Its a digital hybrid (Class X) or at least its called that by Visonik. Here is the internals, they dont lie :




















I even had it on an L7 for a little while...of course it was way too much for it.










See what they dont tell you is, that you can clip a few resistors on the power supply, and bypass the protection on it, letting you wire it to 1 ohm or less. Its done on SPL setups all the time, and also enables you to utilize 16 volt setups as long as you have a 12 volt remote turn on lead. I like mine, hell if I had the extra money, id buy a couple more.


----------



## lowsammy (Jul 30, 2005)

So if you clipped a couple resistors on the power supply would that make it an unregulated power supply ? Im not to smart when you get to deep on them. 
So then whats your opinion on the Ultimate DD1-1300S class D. Parts Express use to sell them. It is suppose to be a digital amp


----------



## S10laynframe (Oct 17, 2002)

> _Originally posted by lowsammy_@Sep 11 2005, 02:53 PM~3793845
> *So if you clipped a couple resistors on the power supply would that make it an unregulated power supply ? Im not to smart when you get to deep on them.
> So then whats your opinion on the Ultimate DD1-1300S class D. Parts Express use to sell them. It is suppose to be a digital amp
> *



Now dont get it twisted homie, there really is no such thing as a "digital" amp, that would be an amp running processors that turn analog signal into "0" and "1" 's and being converted back to analog ac signal for the speakers....


They just put "digitial" on it because of the newer class amplifiers that run cooler and more stable, like mono block amps. It really is a gimmick, there is no true digital amp that I know of, so dont save your pennies looking for a top of the line "digital" amplifier.

-J


----------



## lowsammy (Jul 30, 2005)

Ive heard that too... that there are no true digital amps.I also heard if there were some the price would also be astronomical. I think that the digital amps I read a little about ,later said in the description that it was a hybrid. If the amp does convert the sound to "0" and "1"s then back to analog...would that still make for better sound or would it even be noticable if it did ?


----------



## snoopdan (Aug 24, 2005)

On the Visonik, you're not modifing the power supply so much, as removing the built in circuit protection that doesnt allow wiring impediences (ohms) of less than 4. When you clip the resistors, the amp's power supply could care less what you wire to it, and will push as hard as it can till it burns up. But thats sorta the point, and how often do you dump 3 or 4k of wattage into your subs all day right?

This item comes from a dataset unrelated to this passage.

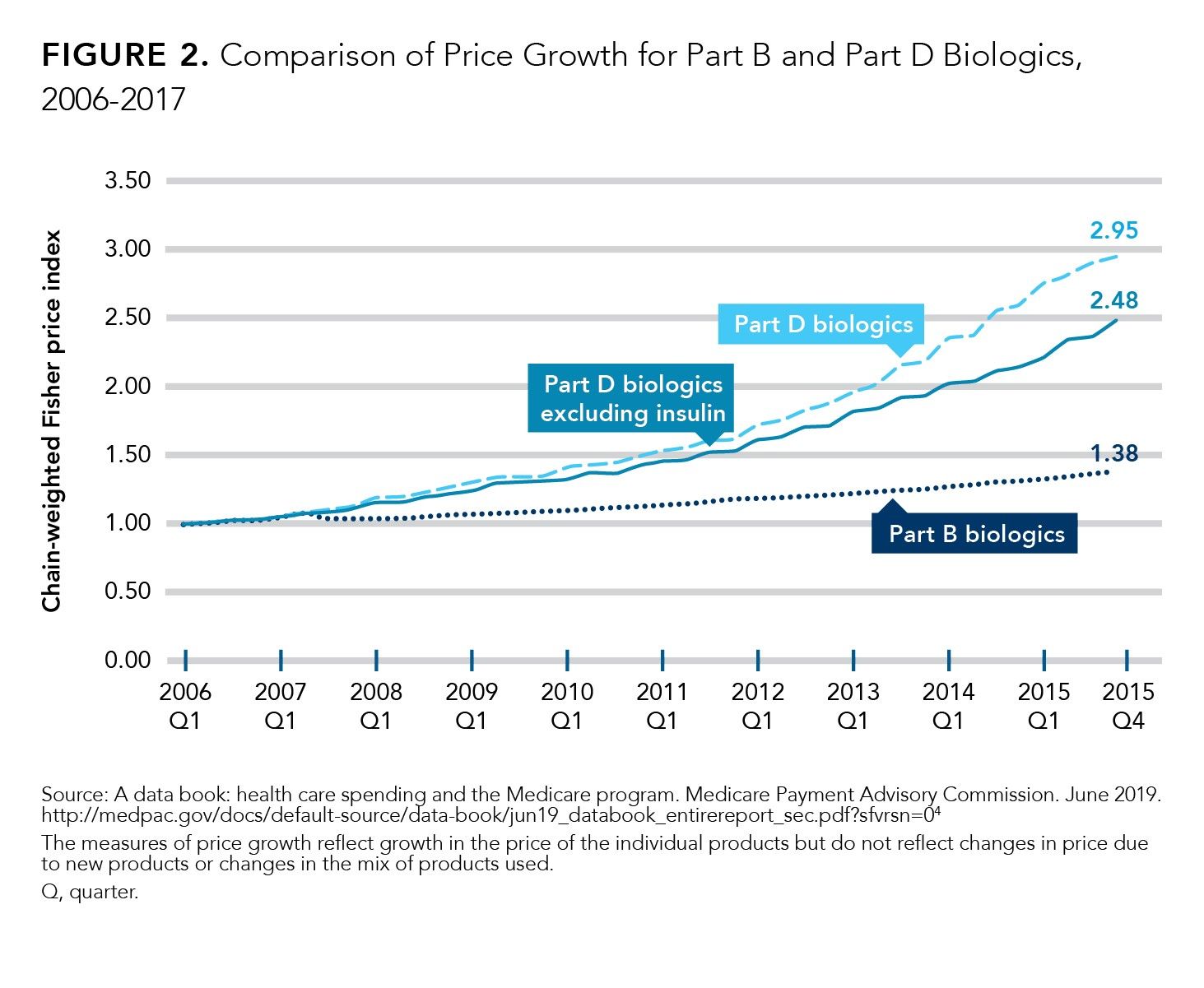 In recent years, drug spending has been increasing rapidly. Between 2005 and 2016, total drug spending grew at an average rate of 7.4%, with slower growth from 2005 to 2009 (3.7% per year) and more rapid growth from 2009 to 2016 (9.5% per year). This drugs, including the adoption of new, higher-priced drugs.4 However, the price growth from 2006 to 2015 (Figure 2) for Part B was still lower than that of Part D, in part due to ASP reimbursement methodology.

I didnt know we were going to get into a Digital amp discussion or I would of expanded on what I said  You can of course have digital inputs from a source (like a head unit) that is optical to a amp, but its really "whats the real point" You're still going to have to amplifiy that signal to analog anyway, and the extra processors they add onto the amplifier to do the digital processing can be a more of a circuit design headache more than anything, since the digital signal is often overshot thru the switching FET's adding noise to the carrier - which was supposedly the reason why you didnt want to have a digital amplifier in the first place, so Its a double edged sword, and mostly a gimmic born of engineering overdesign. Doesnt mean its bad, doesnt mean its good, just means you're going to pay more for an "active" digital sound processor noise filter built into the preamp section of your amplifier. 

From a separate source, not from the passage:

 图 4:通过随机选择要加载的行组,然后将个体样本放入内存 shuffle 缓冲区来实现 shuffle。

When I took the above pictures of my Visonik amp, I could see in the preamp section of the amplifier motherboard, exactly where these extra processors are. They're piggybacked onto taller mini-boards with a little chip on the top. You can clearly tell by looking at the amp's motherboard where the higher heiarchy is for the processing for this "hybrid class-x" amp is.

I dont know if that helped anyone though 

As far as the Ultimate amp is concerned, I apologize, ive never messed with any Ultimate product before (which is odd, since they've been in business for like, ever) But since ive never heard anything bad about them, thats always a plus.


----------



## S10laynframe (Oct 17, 2002)

> _Originally posted by snoopdan_@Sep 11 2005, 07:26 PM~3795217
> *On the Visonik, you're not modifing the power supply so much, as removing the built in circuit protection that doesnt allow wiring impediences (ohms) of less than 4.  When you clip the resistors, the amp's power supply could care less what you wire to it, and will push as hard as it can till it burns up.  But thats sorta the point, and how often do you dump 3 or 4k of wattage into your subs all day right?
> 
> I didnt know we were going to get into a Digital amp discussion or I would of expanded on what I said   You can of course have digital inputs from a source (like a head unit) that is optical to a amp, but its really "whats the real point"  You're still going to have to amplifiy that signal to analog anyway, and the extra processors they add onto the amplifier to do the digital processing can be a more of a circuit design headache more than anything, since the digital signal is often overshot thru the switching FET's adding noise to the carrier - which was supposedly the reason why you didnt want to have a digital amplifier in the first place, so Its a double edged sword, and mostly a gimmic born of engineering overdesign.  Doesnt mean its bad, doesnt mean its good, just means you're going to pay more for an "active" digital sound processor noise filter built into the preamp section of your amplifier.
> ...


Pretty much what I said, in a nutshell.


----------



## lowsammy (Jul 30, 2005)

Wow snoopdan, good knowledge..dont be gettin' a big head though. Interesting about the resistors being clipped. Ive never heard of that or knew about that. So then could you potentialy do that to any amp digital or not, like my kenwood, not that I would cause it works dang good right now? But I would assume they are similar in that aspect of ohm loads. 
Speaking of burning up , my kenwood has a fan built in but it gets untouchabley hot if ran to long and pushed...its never shut down though !!! :cheesy: 
Sorry to ask the q's but Im interested in how certain things work and if you dont mind answering q's I do appreciate it. I know people say to do your own research but I probably would never think of running a Hybrid Digital amp so I would never take the time to look it up. I barely know about the working of a class a/b amp....I do know how to hook them up and how to wire the subs and what impeadence matching is....which puts me ahead of some people who dont even want to research that. Thanks again


----------



## snoopdan (Aug 24, 2005)

> _Originally posted by lowsammy+Sep 11 2005, 09:08 PM~3795423-->
> 
> 
> 
> ...


Hey the way I look at it, im free advice. I read tons and tons of articles on DIY circuit building so I can get a general knowledge base of how things work particularly in amplification. This way, its easier to read thru the marketing BS that infests the data specs when you look up an amplifier you are considering purchasing. Its really just a twisted hobby :biggrin: And you know, you COULD do a search on a forum, but you might not exactly turn up what you're looking for. Which is why I scoff at people who say "Look it up, thats what the search button is for" - but that feature is as only good as the way the thread its looking for is presented when its posted, and not necessiarly its content. So no question is really stupid or unbased, and I dont mind at all helping people out...thats what a forum is for - RIGHT ? :biggrin: 

allthough, I think we all jacked this thread :0


----------